In some cases, the policymaker may only be concerned with the robustness of a subset of the system equations that contain disturbances. For example, the unpredictable part of aggregate consumption may be considered to be well-modeled by the stochastic LQG specification, but the volatility of private investment might have an uncertain structure. This situation can be modeled by the mixed stochastic/H\(^{\infty }\)-optimal control specification. In the situation where there are two disturbances as described above, one of the disturbances, \(w_{1,k}\), is modeled as a stochastic Gaussian variable, and the other disturbance, \(w_{2,k}\), is modeled using the H\(^{\infty }\)-worst case design. This gives the user the option to focus on the robustness properties of just the equation with the error structure that is considered highly unstable.

The mixed stochastic/H\(^{\infty }\)-control can be designed by modifying the soft-constrained minimax game given by Eqs. (14) and (24) as follows.
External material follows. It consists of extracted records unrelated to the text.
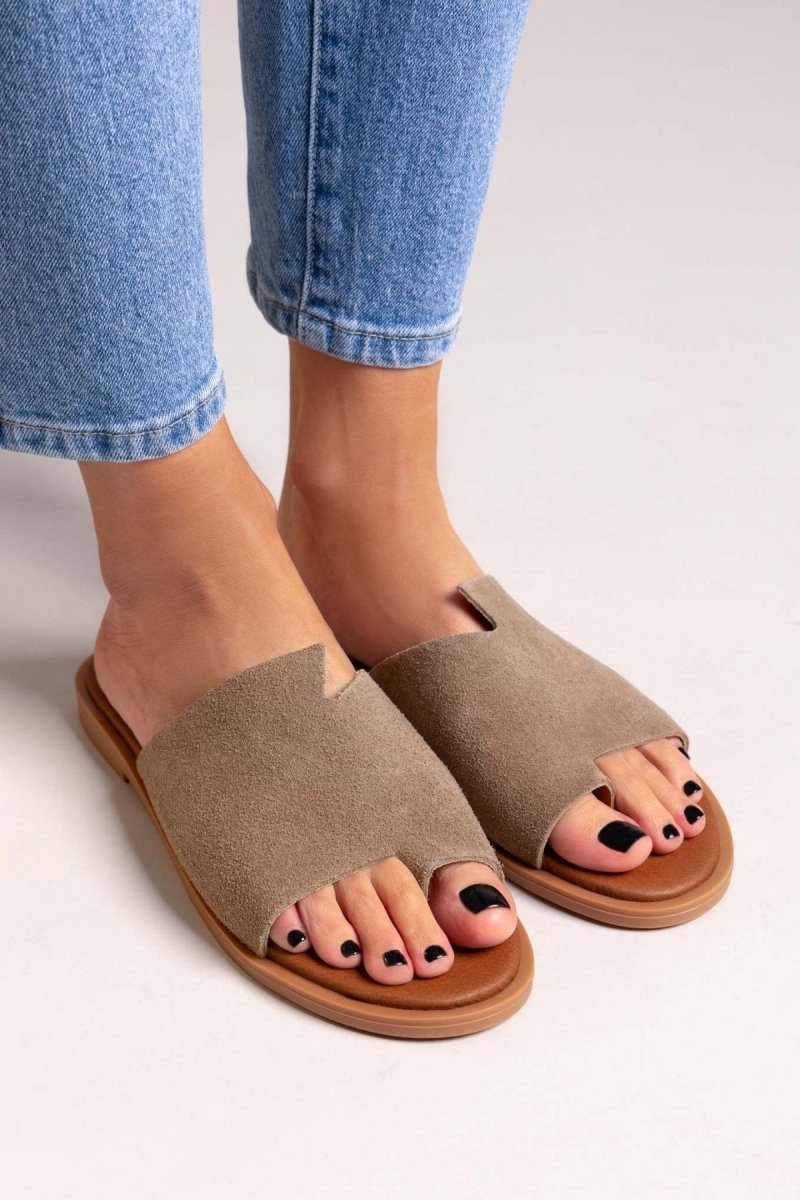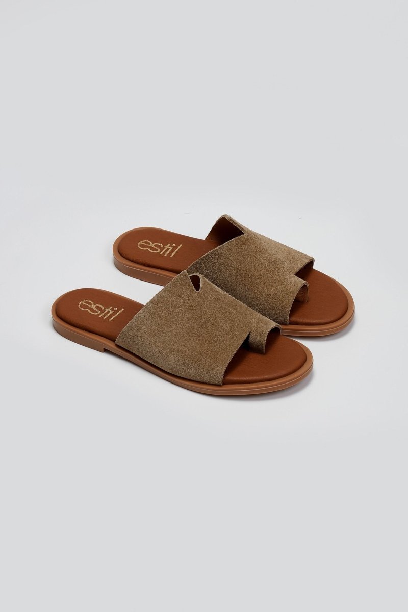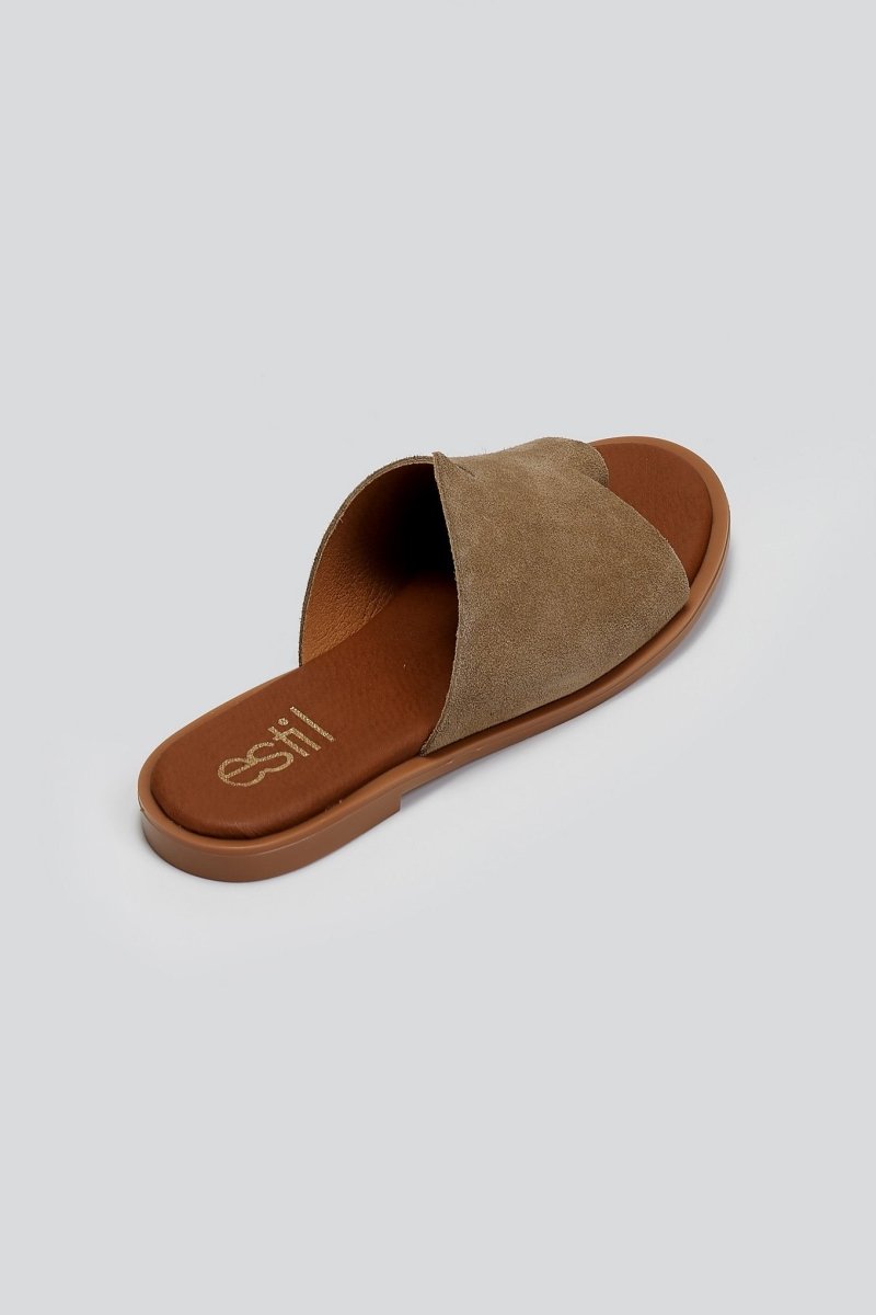 Σανδάλια από γνήσιο δέρμα καστόρι με ασύμμετρη φάσα Estil. Μαλακός πάτος με ενίσχυση. Ελληνικής κατασκευής.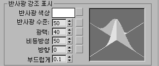 반사광 강조 표시 그룹의 나머지 제어는 이 롤아웃의 맨 위에 있는 "음영 처리:" 옆에 표시되는 활성 셰이더에 따라 다릅니다. 이 강조 표시 제어는 표준 재질 셰이더와 동일합니다.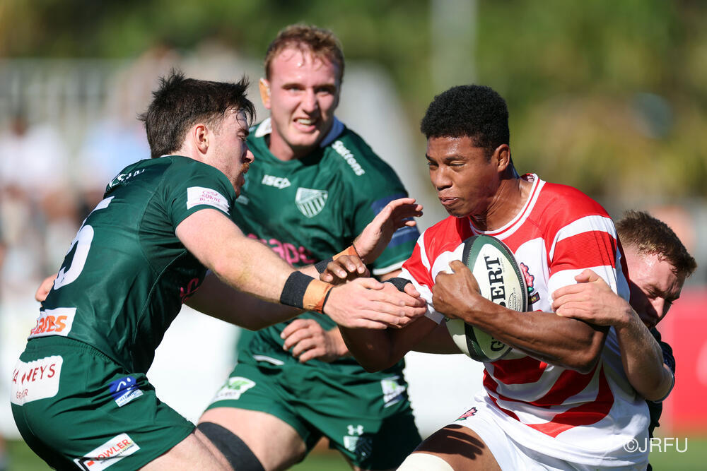 「(遠征を振り返って)日本では感じることができないフィジカルや荒さとかを初めて経験できました。(印象に残っているアドバイスは)田代さんが色々教えてくれて、とても勉強になりました。(改善していきたい部分は)相手によってスクラムを変えていく修正力やワークレートの部分は大学(京都産業大学)に帰ってからも意識してプレーしたいと思います」

The state equation is now

$$\begin{aligned} x_{k+1} =A_{k} x_{k} +B_{k} u_{k} +D_{k} w_{2,k} +E_{k} w_{1,k}; \quad x (1) = x_{1} \end{aligned}$$
(38)

where the state-space disturbance coefficient matrices are redefined by

$$\begin{aligned} D_{k}&= \left[ {{\begin{array}{lllllllllll} 0&{} {\lambda _{6} }&{} 0&{} 0&{} 0&{} 0&{} 0&{} 0&{} 0&{} 0&{} 0 \\ \end{array} }} \right] ^{T};\nonumber \\ E_{k}&= \left[ {{\begin{array}{lllllllllll} {\delta _{6} }&{} 0&{} 0&{} 0&{} 0&{} 0&{} 0&{} 0&{} 0&{} 0&{} 0 \\ \end{array} }} \right] ^{T}\end{aligned}$$
(39)
$$\begin{aligned} \mathop {\min }\limits _u \mathop {\max }\limits _w J_{\gamma } (u,w)&= x_{K+1}^{T} Q_{k} x_{K+1} +\sum _{k=1}^K {\left[ {x_k^{T} Q_{k} x_{k} +u_{k}^{T} R_{k} u_{k} -r_{MX} w_{2,k}^{2} } \right] }\qquad \quad \end{aligned}$$
(40)

The optimal closed-loop policy solution to the game in Eqs. (38)–(40) is given by Eqs. (41)–(45), provided that the existence condition in Eq. (43) is satisfied.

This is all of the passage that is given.